━━━ Excerpted records
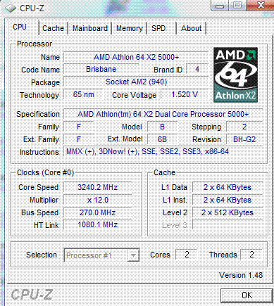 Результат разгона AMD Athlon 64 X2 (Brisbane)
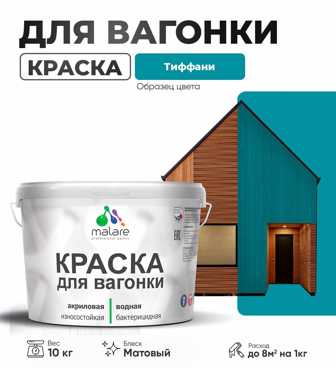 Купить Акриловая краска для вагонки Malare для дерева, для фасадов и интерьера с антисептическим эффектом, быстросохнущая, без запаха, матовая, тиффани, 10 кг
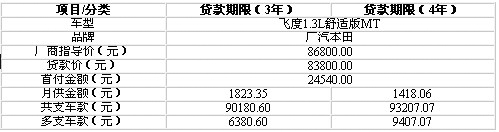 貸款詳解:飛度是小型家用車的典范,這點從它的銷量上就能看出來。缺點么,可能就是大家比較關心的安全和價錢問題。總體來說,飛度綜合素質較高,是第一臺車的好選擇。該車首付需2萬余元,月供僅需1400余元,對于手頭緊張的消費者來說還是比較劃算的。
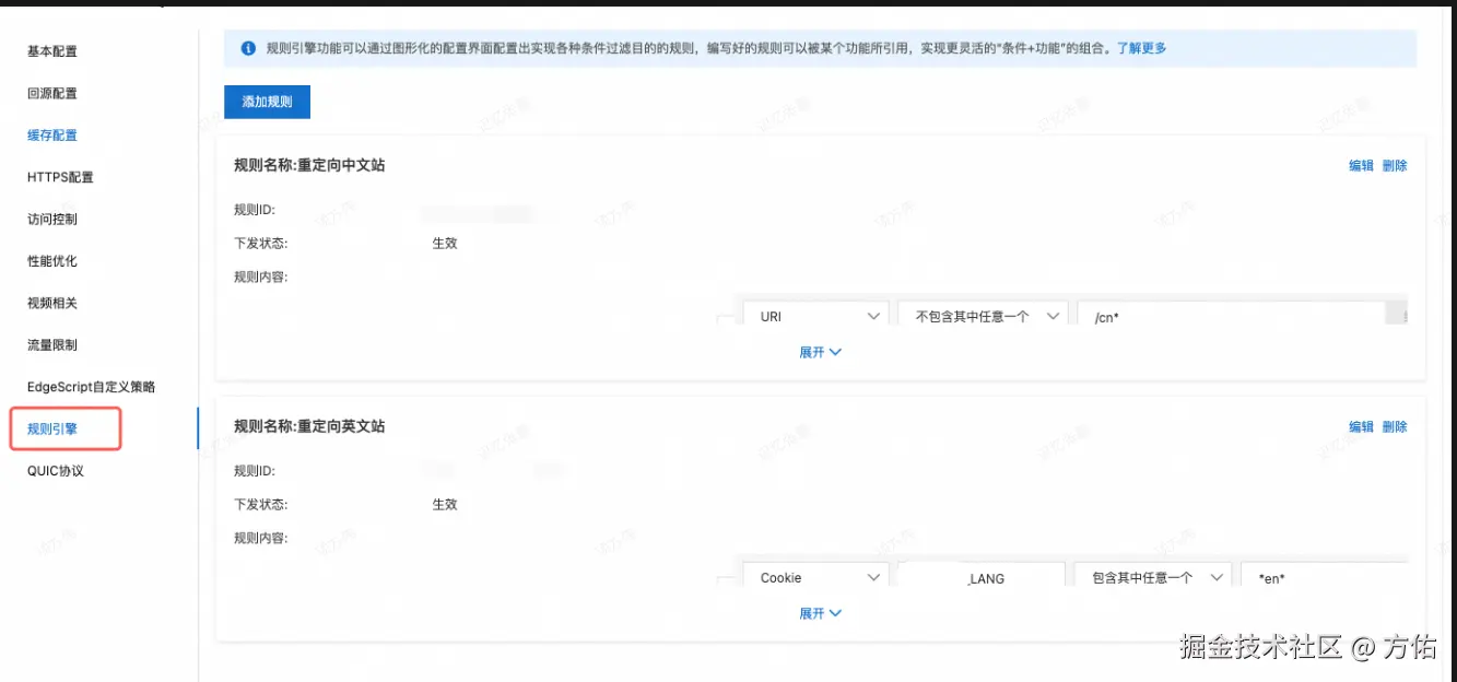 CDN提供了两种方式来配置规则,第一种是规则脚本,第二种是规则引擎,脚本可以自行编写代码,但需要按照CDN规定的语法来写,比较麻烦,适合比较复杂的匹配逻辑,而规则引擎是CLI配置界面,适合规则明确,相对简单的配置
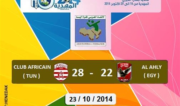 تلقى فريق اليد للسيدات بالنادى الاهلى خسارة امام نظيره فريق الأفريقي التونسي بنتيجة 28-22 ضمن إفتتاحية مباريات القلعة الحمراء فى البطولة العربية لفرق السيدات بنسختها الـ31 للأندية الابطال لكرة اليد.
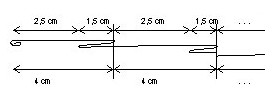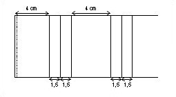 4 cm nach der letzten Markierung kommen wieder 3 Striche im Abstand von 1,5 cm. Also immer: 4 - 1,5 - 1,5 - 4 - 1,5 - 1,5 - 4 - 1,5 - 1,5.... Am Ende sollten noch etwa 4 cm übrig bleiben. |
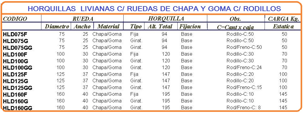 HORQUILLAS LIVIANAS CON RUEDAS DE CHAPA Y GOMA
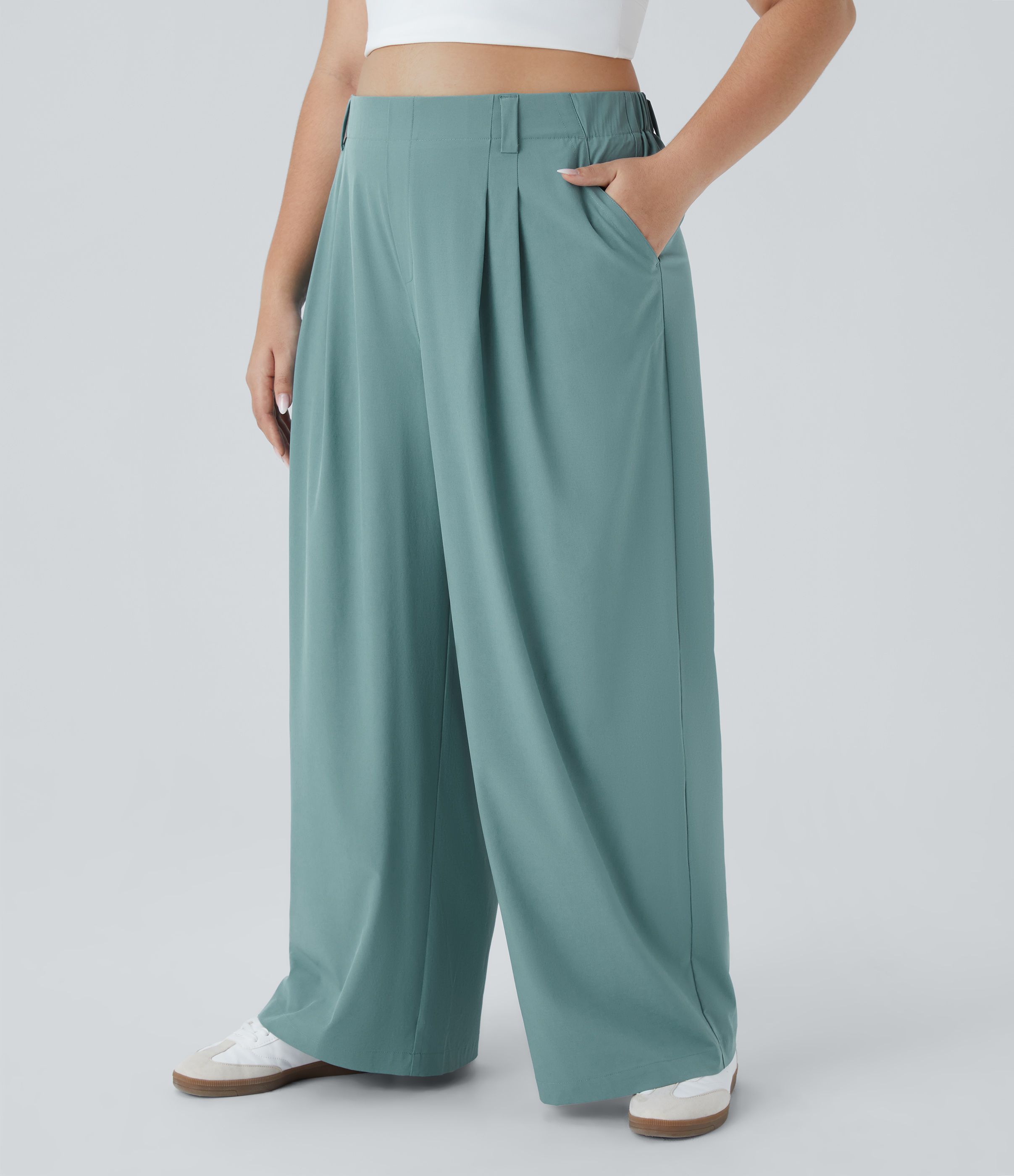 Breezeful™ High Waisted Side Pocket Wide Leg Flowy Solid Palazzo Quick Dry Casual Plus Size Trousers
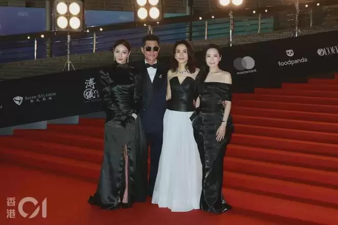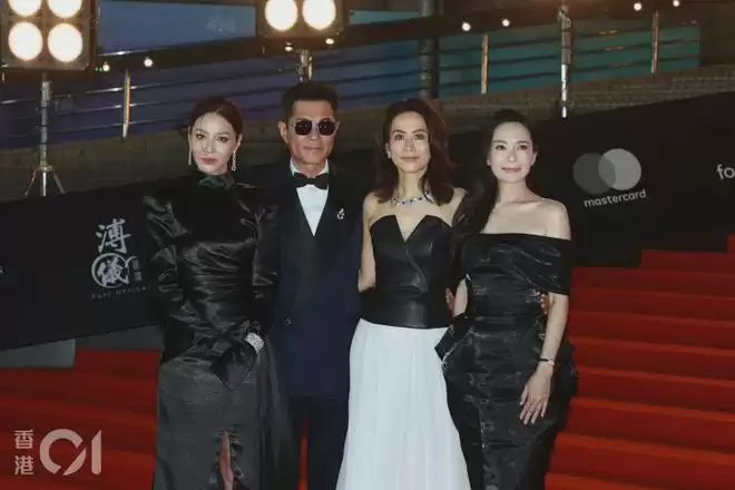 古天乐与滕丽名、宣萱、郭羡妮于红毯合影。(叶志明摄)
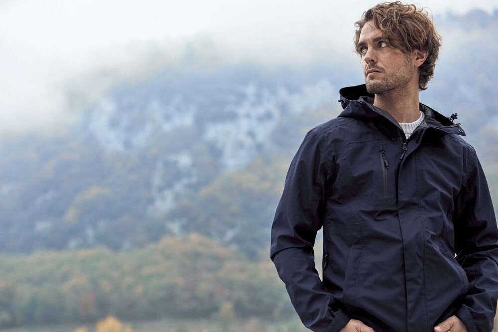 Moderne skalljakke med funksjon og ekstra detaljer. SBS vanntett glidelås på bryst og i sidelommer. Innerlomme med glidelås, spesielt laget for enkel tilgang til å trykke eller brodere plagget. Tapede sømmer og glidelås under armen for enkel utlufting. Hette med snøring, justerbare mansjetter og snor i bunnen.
━━━━━━
About this task :: Leave the pictures out. Transcribe exactly the lines from the one with "古天乐与滕丽名、宣萱、郭羡妮于红毯合影。(叶志明摄)" through the end of the records.

Task output ::
 古天乐与滕丽名、宣萱、郭羡妮于红毯合影。(叶志明摄)
 Moderne skalljakke med funksjon og ekstra detaljer. SBS vanntett glidelås på bryst og i sidelommer. Innerlomme med glidelås, spesielt laget for enkel tilgang til å trykke eller brodere plagget. Tapede sømmer og glidelås under armen for enkel utlufting. Hette med snøring, justerbare mansjetter og snor i bunnen.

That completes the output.